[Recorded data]
##############################
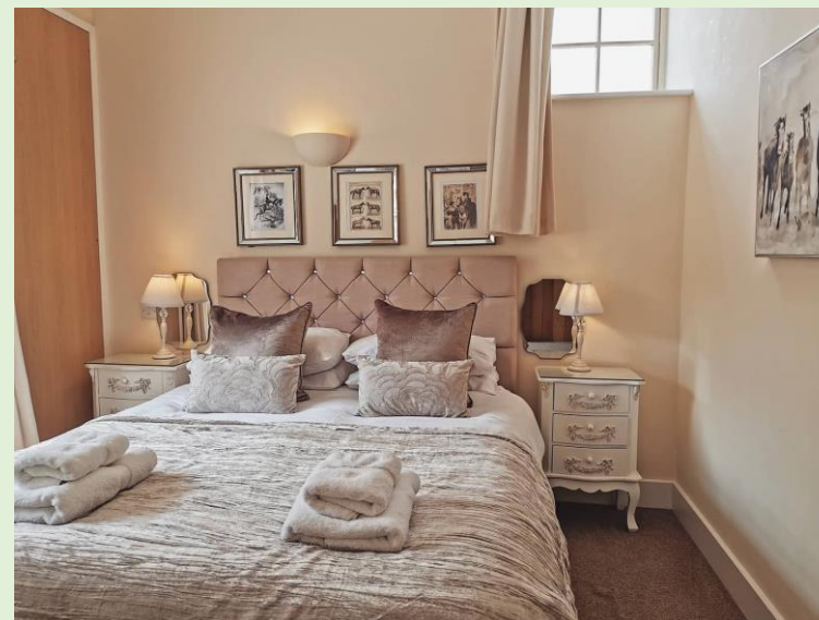
The cosy bedrooms
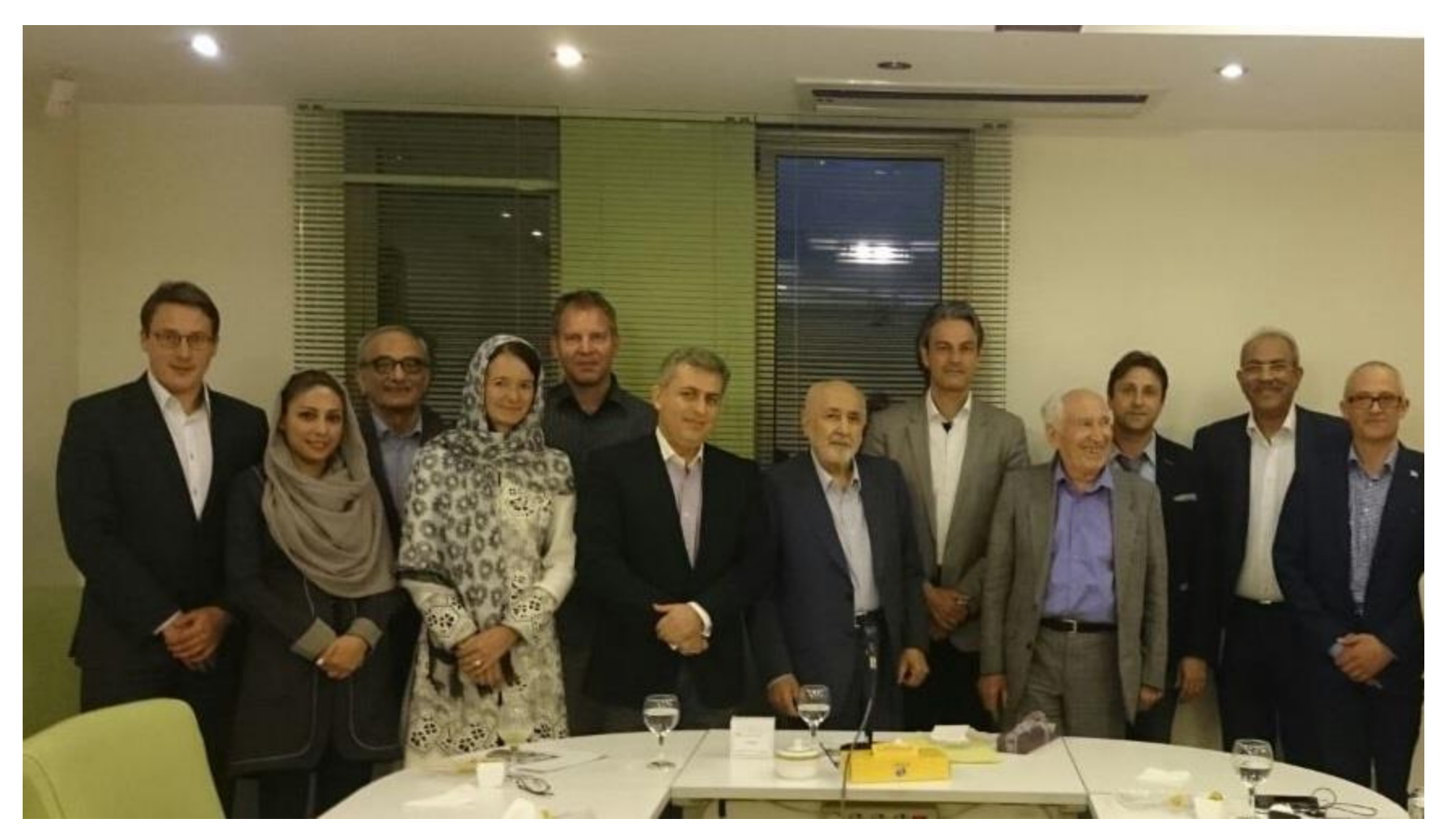
Luxembourgish delegation meets IRALUX Board – June 9 2015 – Tehran
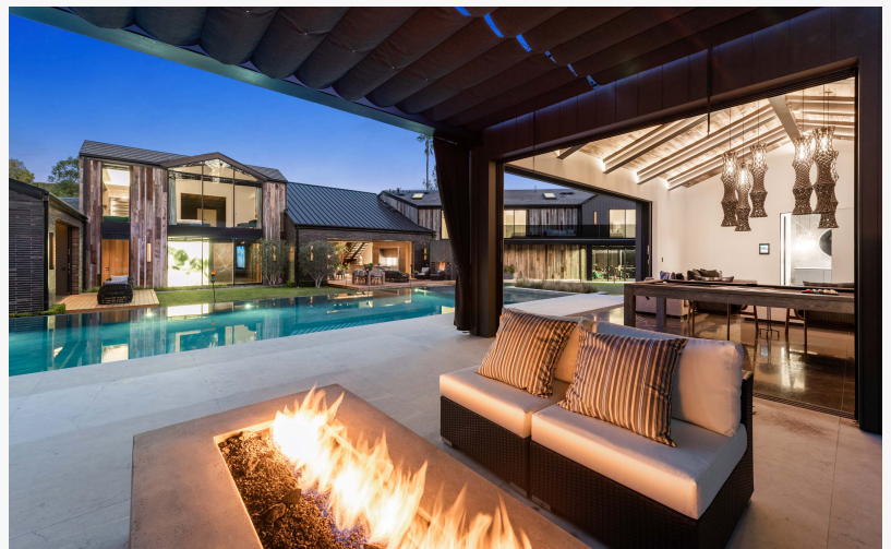
65' swimming pool with a spa
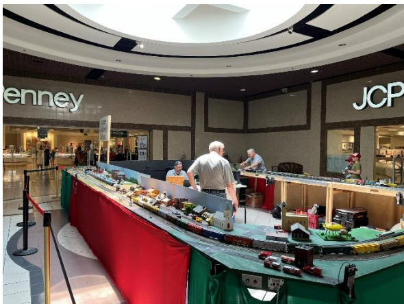
Left: Southern Indiana and LCL layout. Since each layout has slightly different design standards, the clubs built transition modules to make them compatible.

Over Father's Day weekend, the Southern Indiana Railroad and The Louisville Connecting Lines (LCL) Model Railroad Club set up their joint modular layout in at Greentree Mall in Clarksville, IN. Division 8 participated with an information table.
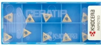
L062 KYOCERA Carbide Inserts - Turning
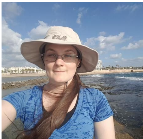
Yo Yehudi ayoyehudi
##############################
Exercise -
Return every line of the data above exactly, and omit all pictures.

Task solution -
The cosy bedrooms
Luxembourgish delegation meets IRALUX Board – June 9 2015 – Tehran
65' swimming pool with a spa
Left: Southern Indiana and LCL layout. Since each layout has slightly different design standards, the clubs built transition modules to make them compatible.

Over Father's Day weekend, the Southern Indiana Railroad and The Louisville Connecting Lines (LCL) Model Railroad Club set up their joint modular layout in at Greentree Mall in Clarksville, IN. Division 8 participated with an information table.
L062 KYOCERA Carbide Inserts - Turning
Yo Yehudi ayoyehudi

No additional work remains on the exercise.